Look below for the line containing "眉毛シェーバー フェイスシェーバー 女性" and the line containing "(2)育児休業制度の内容や男", then set down both and every line between them exactly, without pictures.

[[ AVAILABLE RECORDS open ]]

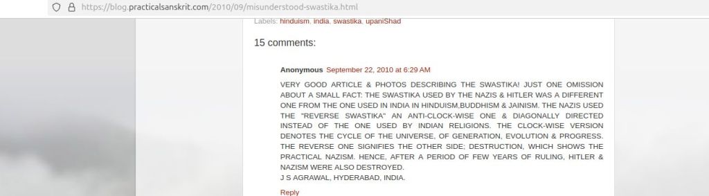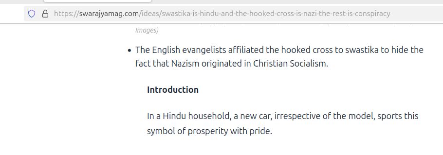 Truth has been forgotten except by a few. So it needs to be restated : the “Nazi swastika” is not the swastika but the reverse swastika, the hooked cross.
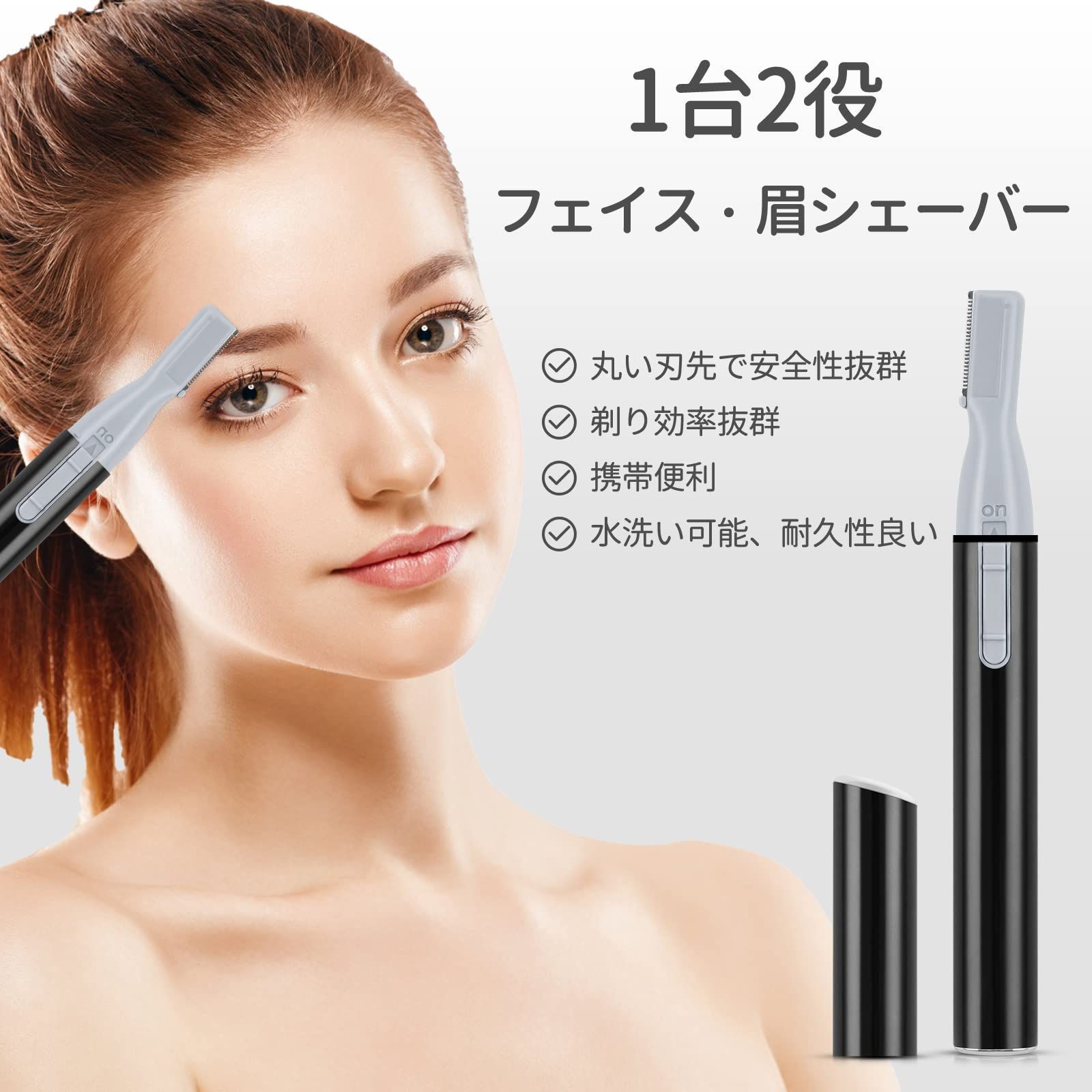 眉毛シェーバー フェイスシェーバー 女性 眉毛カッター レディースシェーバー 電動 顔そり 替刃付き 内刃水洗い可能 頬 脇 足 うぶ毛 産毛処理 マユコーム付き 乾電池式 コンパクト ブラック
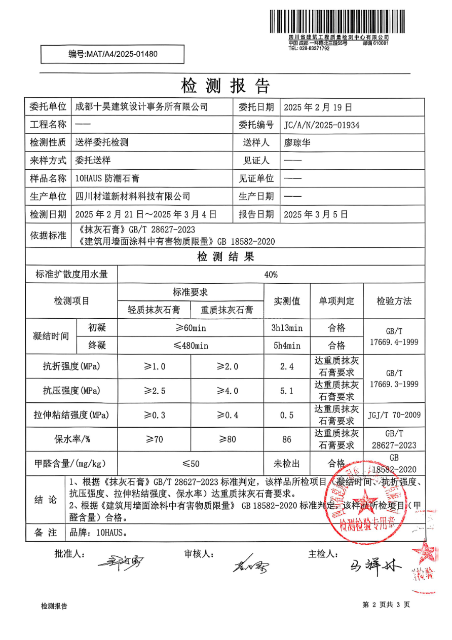 本产品是由石膏、水洗砂及多种添加剂混合而成的通用型室内墙面基层抹灰材料。既具有建筑石膏早强、快硬、防潮等特点,又具有易施工,和易性好、强度高、不空鼓、不开裂、施工速度快等特点,适用于厚层抹灰找平。10HAUS防潮石膏通过了中国环境标准产品认证,是绿色环保产品。
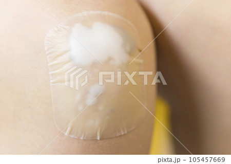 膝の傷にモイストパッドを貼る子供 キズパワーパッド
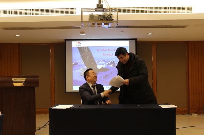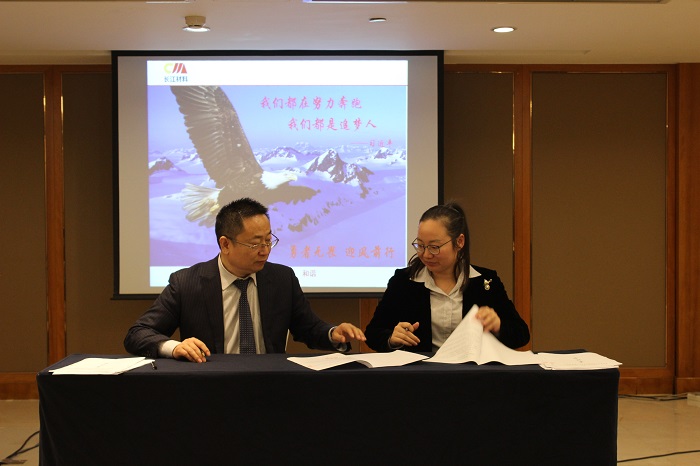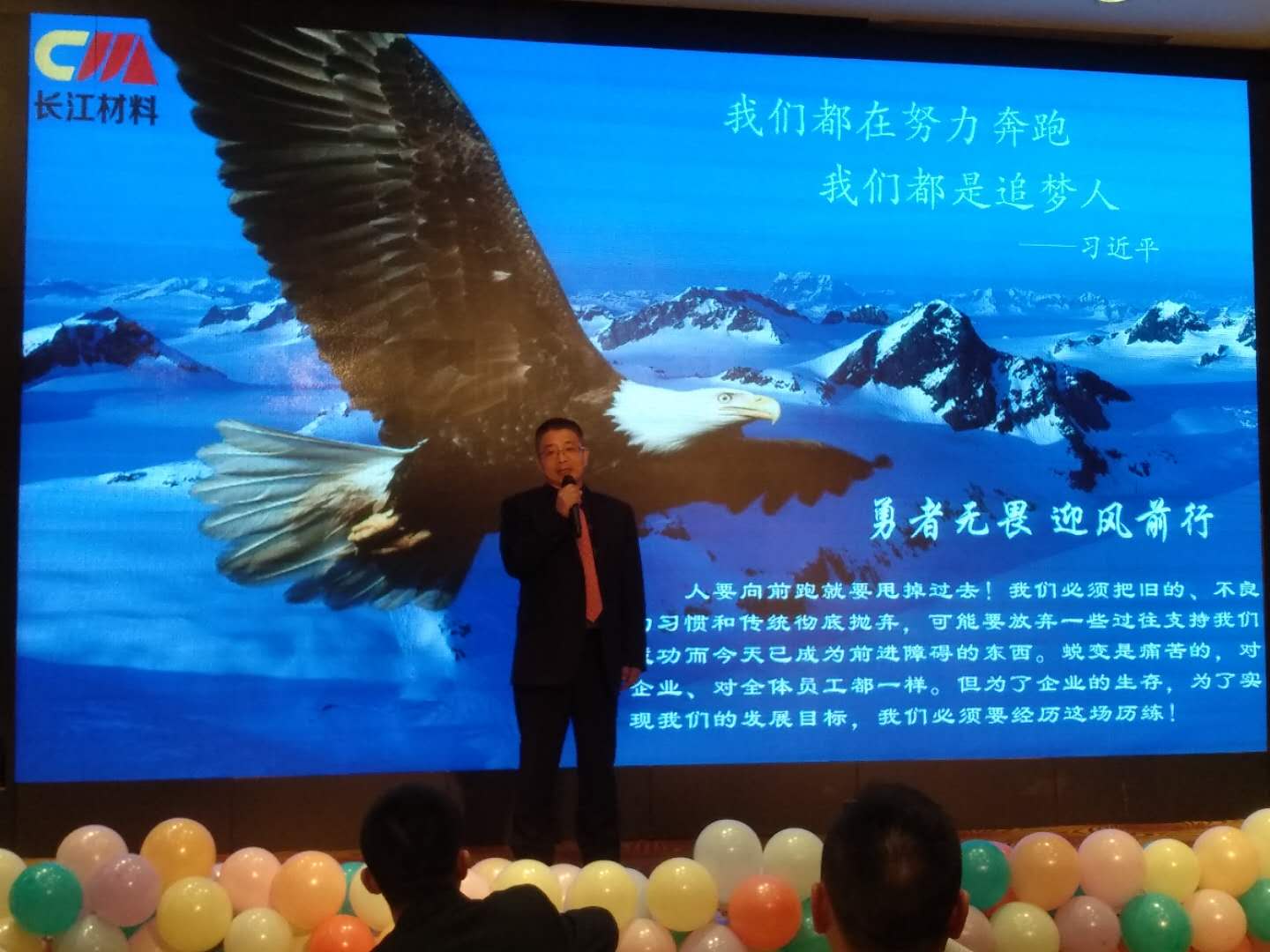 参加会议的有集团董事长、总经理、子公司总经理、副总经理和职能中心总监。集团总经理与子公司总经理签订《2019安全环保责任书》。 2019年1月14日下午举办了隆重的“长江材料颁奖庆典”。
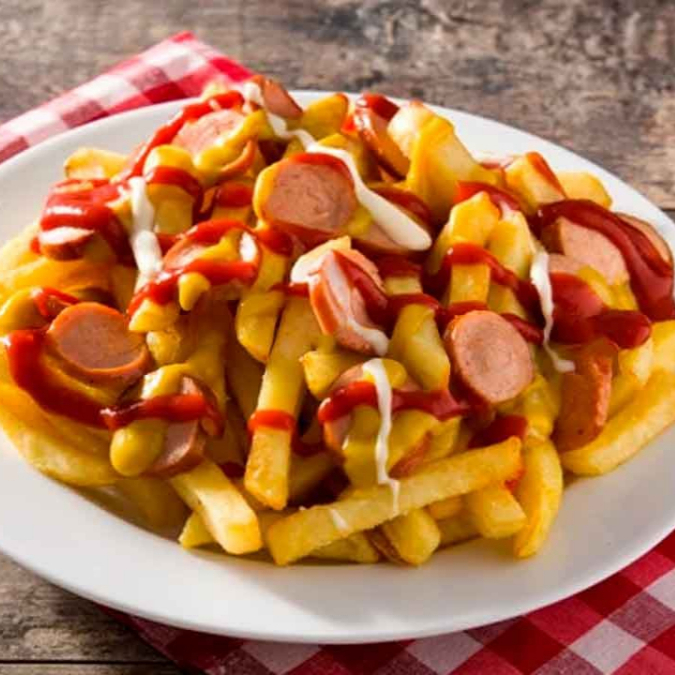 Papas fritas con salchicha parrillera en trozos.
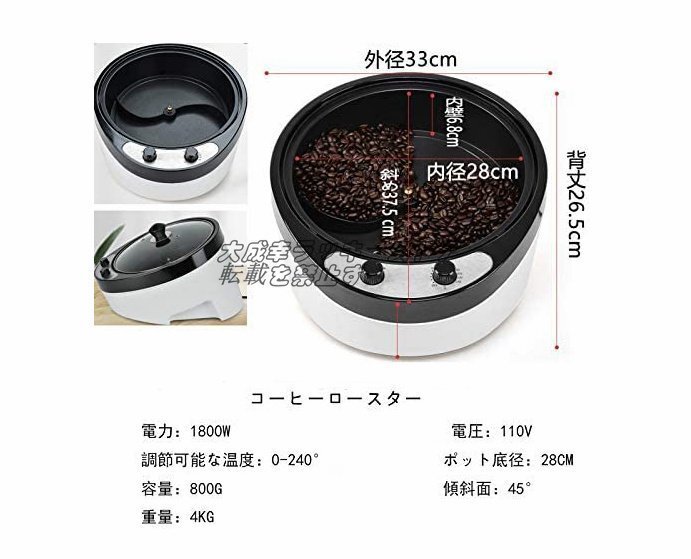 多機能大容量コーヒーロースター: 大容量800G、ハイパワー1800W。高効率、高速加熱、 攪拌均一。それはコーヒー豆、ポップコーン 豆、ひまわりの種、穀物、ナッツ、ピーナッツなどを焼くことができます。
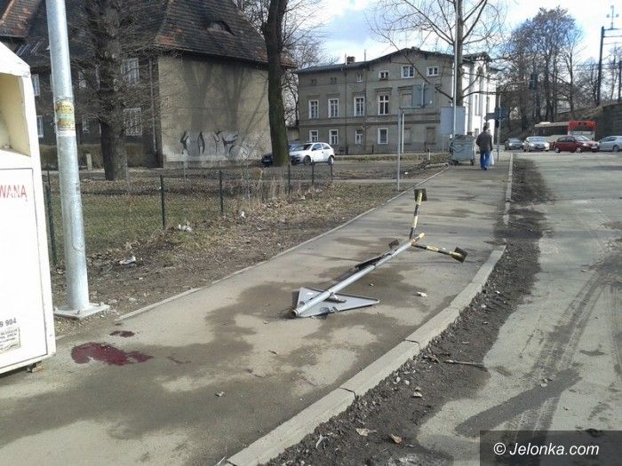 Znak drogowy spadł na pieszą. Kobieta trafiła do szpitala
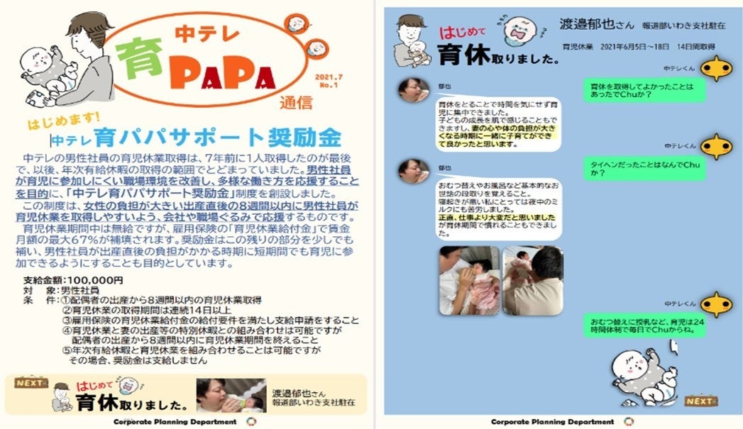 (2)育児休業制度の内容や男性社員の育児休業の取得事例を「見える化」して社内に周知することを目的にした広報誌「中テレ育PAPA通信」を作成し、男性社員の育児休業取得を積極的に呼びかけました。
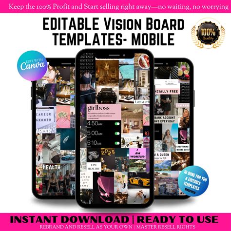 Editable Mobile Vision Board Template: Canva Planner (Digital Download)

[[ AVAILABLE RECORDS closed ]]

TASK OUTPUT —
 眉毛シェーバー フェイスシェーバー 女性 眉毛カッター レディースシェーバー 電動 顔そり 替刃付き 内刃水洗い可能 頬 脇 足 うぶ毛 産毛処理 マユコーム付き 乾電池式 コンパクト ブラック
 本产品是由石膏、水洗砂及多种添加剂混合而成的通用型室内墙面基层抹灰材料。既具有建筑石膏早强、快硬、防潮等特点,又具有易施工,和易性好、强度高、不空鼓、不开裂、施工速度快等特点,适用于厚层抹灰找平。10HAUS防潮石膏通过了中国环境标准产品认证,是绿色环保产品。
 膝の傷にモイストパッドを貼る子供 キズパワーパッド
 参加会议的有集团董事长、总经理、子公司总经理、副总经理和职能中心总监。集团总经理与子公司总经理签订《2019安全环保责任书》。 2019年1月14日下午举办了隆重的“长江材料颁奖庆典”。
 Papas fritas con salchicha parrillera en trozos.
 多機能大容量コーヒーロースター: 大容量800G、ハイパワー1800W。高効率、高速加熱、 攪拌均一。それはコーヒー豆、ポップコーン 豆、ひまわりの種、穀物、ナッツ、ピーナッツなどを焼くことができます。
 Znak drogowy spadł na pieszą. Kobieta trafiła do szpitala
 (2)育児休業制度の内容や男性社員の育児休業の取得事例を「見える化」して社内に周知することを目的にした広報誌「中テレ育PAPA通信」を作成し、男性社員の育児休業取得を積極的に呼びかけました。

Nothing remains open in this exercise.